Na de bijdrage van Looyenga volgt een bijlage waarin veertien kunstenaars, die met het 'huis' Adema hebben samengewerkt, worden vermeld. We noemen er twee: P.J.H. Cuypers (1827 - 1921), vermaard katholiek architect en F.W. Mengelberg (1837 - 1919), beeldhouwer te Utrecht. Vervolgens worden de drie belangrijkste auteurs van het boek geïnterviewd: Victor Timmer, Ton van Eck en Arjen Looyenga. Aansluitend is een gesprek met Toine Schreurs, tot 2002 directeur van het familiebedrijf te Amsterdam, weergegeven.

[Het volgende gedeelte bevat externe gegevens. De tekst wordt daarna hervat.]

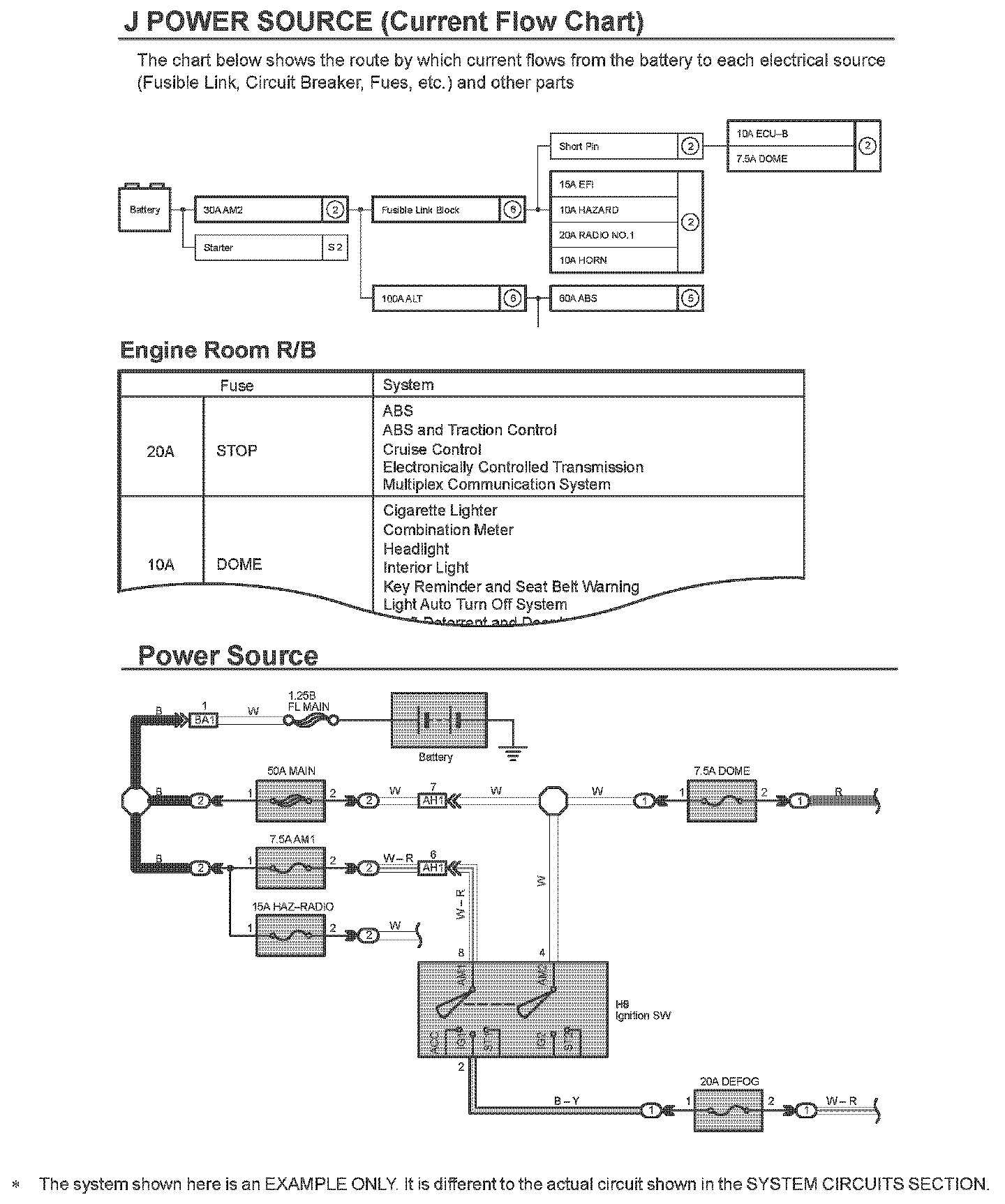 HOW TO READ POWER SOURCEThe "Current Flow Chart" section, describes which parts each power source (fuses, fusible links, and circuit breakers) transmits current to. In the Power Source circuit diagram, the conditions when battery power is supplied to each system are explained. Since all System Circuit diagrams start from the power source, the power source system must be fully understood.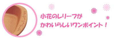 丸みを帯びたかわいらしいデザインで、ワンポイントとして小花のレリーフが入っています。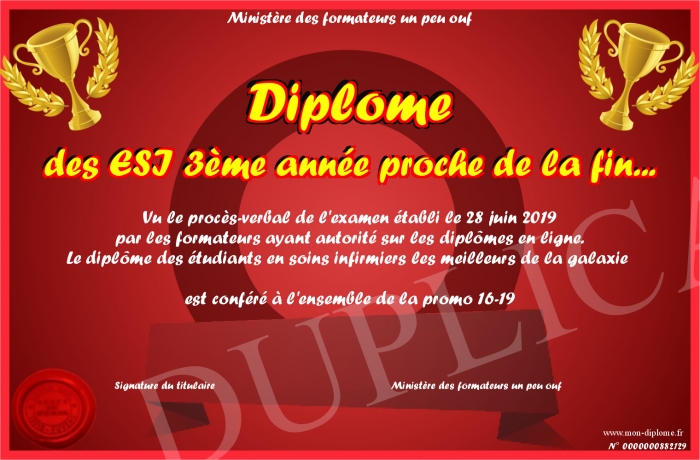 Envoyez par email votre Diplôme des ESI 3ème année proche de la fin... personalisé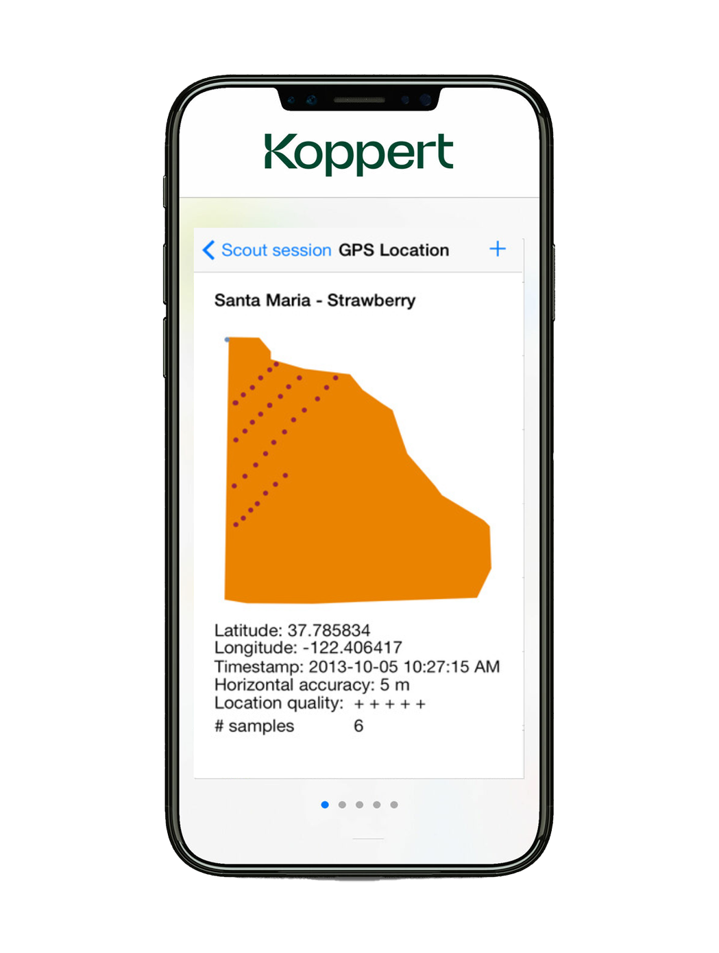 Koppert Biological Systems, Inc. hat Koppert iPM entwickelt, eine einzigartige Scouting-Softwareanwendung, die die Landwirte bei ihrem Pflanzenschutzprogramm unterstützt. Koppert iPM besteht aus zwei Komponenten, einer Scout-App und einem Online-Dashboard. Die Scout-App funktioniert über GPS und verfügt über eine intuitive Benutzeroberfläche. Das Dashboard vermittelt dem Erzeuger nach dem Hochladen auf dem Feld nahezu in Echtzeit einen Einblick in Schädlingsprobleme. Koppert iPM Scouting-Software trägt zur Senkung der Ausgaben für Pflanzenschutzmittel bei, weil der hochgenaue Einblick in die Wirksamkeit der Pflanzenschutzmittel und der optimierte Zeitpunkt von biologischen Anwendungen die Wirksamkeit der Pflanzenschutzmaßnahmen erhöhen. Dadurch wird es möglich, den Einsatz der Pflanzenschutzmittel zu verringern und gleichzeitig sowohl die Pflanzengesundheit als auch den Ertrag zu steigern.

Tenslotte bevat het boek portretten van de elf medewerkers van het huidige bedrijf. Naast drie organisten met als opleiding het conservatorium of het Nederlands Instituut voor Katholieke Kerkmuziek zijn 'vogels van diverse pluimage' bij Adema Orgelbouw werkzaam. Directeur Ronald van Baekel is één van die organisten. In 2002 nam hij het bedrijf van Toine Schreurs over. Daarmee kwam een eind aan het familiebedrijf, want Schreurs was familie van de Adema's. Door de afwisselende informatie die het boek biedt - van de drie hoofdstukken die de kern van het boek vormen, tot de wat meer verstrooiende interviews en portretten - heeft het ons alle 108 pagina's, van begin tot eind, weten te boeien.